The figures in a lot of countries are staggering. Not uncommon for a third less births from before Covid, some countries getting on for half the births from the early 2000s.
What is striking is that whilst far from universal, it is happening across the west, so it's hard to pin it down.
As an example:
Spain. 322,000 births in 2023. 520,000 births in 2008.
https://en.m.wikipedia.org/wiki/Demographics_of_Spain
Is there room in the World for another Farage?
This stuff annoys me. Why do politicians think they have any business in telling people to have children instead of leaving that decision to the individuals involved in raising them?
379 MPs voted to end the life of babies up to full term pregnancy yesterday. VILE SCUM, but we already knew that when they tried to silence and condone the rape of young girls.
I think we all know that Labour will have a lot of questions to answer on the grooming gangs inquiry, which is probably why they were reluctant to do it.
I don't think vile scum is appropriate at all, it's clearly an emotional topic. That said, it does strike me as a bit of a cultural war issue, and I'm unsure what the purpose of it was.

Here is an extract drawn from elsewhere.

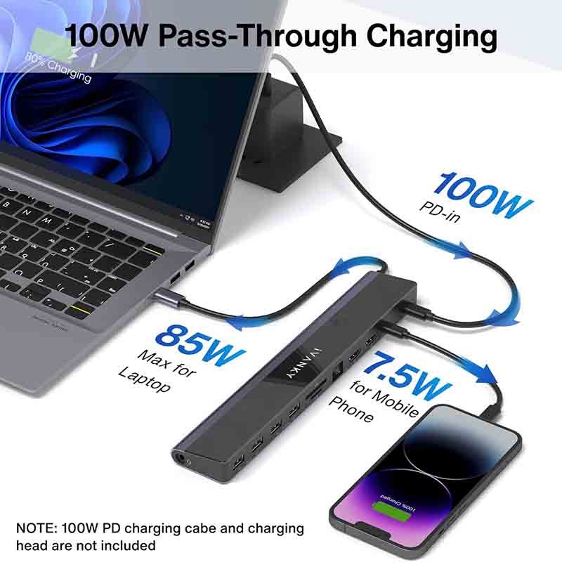 شارژ لپتاپ 85 واتی این داک از شارژ لپتاپ تا 85 واتی پشتیبانی میکند یا در حالی که پورت 7.5 واتی PD برای شارژ تلفن یا تبلت شما اشغال شده است، تا 65 و کاهش مییابد. ...
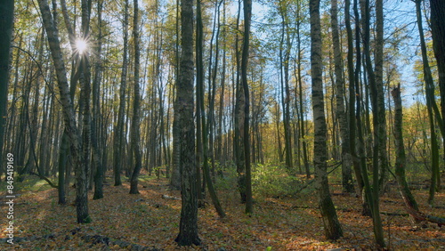 Fototapeta premium Morning in autumn forest. Beautiful forest in autumn with bright sun shining through trees. Timelapse.

The MP Tonia Antoniazzi said herself nothing changes.
If it truly is the case that someone could abort a healthy baby a week before it's due date then that obviously is outrageous, but I can't believe that's what's happened?
I don't think I agree with this change but it's certainly not a hill I'm going to die on any time soon in a 'real life' conversation.
It doesn't make sense to me to have a legal framework for abortion (which is built around the concept of viability) and then have consequence for breaching it.
I think my view on abortion is that it typically shouldn't happen past when a foetus is potentially viable, if anything the law should have moved again towards that than in the way it has. Rather than have the debate and present their argument, they seem to have skirted around it.
'June 2023, Carla Foster was sentenced to 28 months in prison for terminating a pregnancy between 32 and 34 weeks. She had obtained pills supplied in good faith, after a remote consultation during lockdown.
A month later, her sentence was reduced to 14 months and suspended. Sitting at the court of appeal, Dame Victoria Sharp said Foster’s was “a case that calls for compassion, not punishment”'
So it sounds like she lied to a doctor, potentially put his livelihood in jeopardy and then aborted her baby between 32 and 34 weeks. At 32 weeks it's a baby, this is wrong.
As for the compassion argument, I get it but is the criminal justice system built around that?
Happy to be proved completely wrong but it doesn't really sit right with me.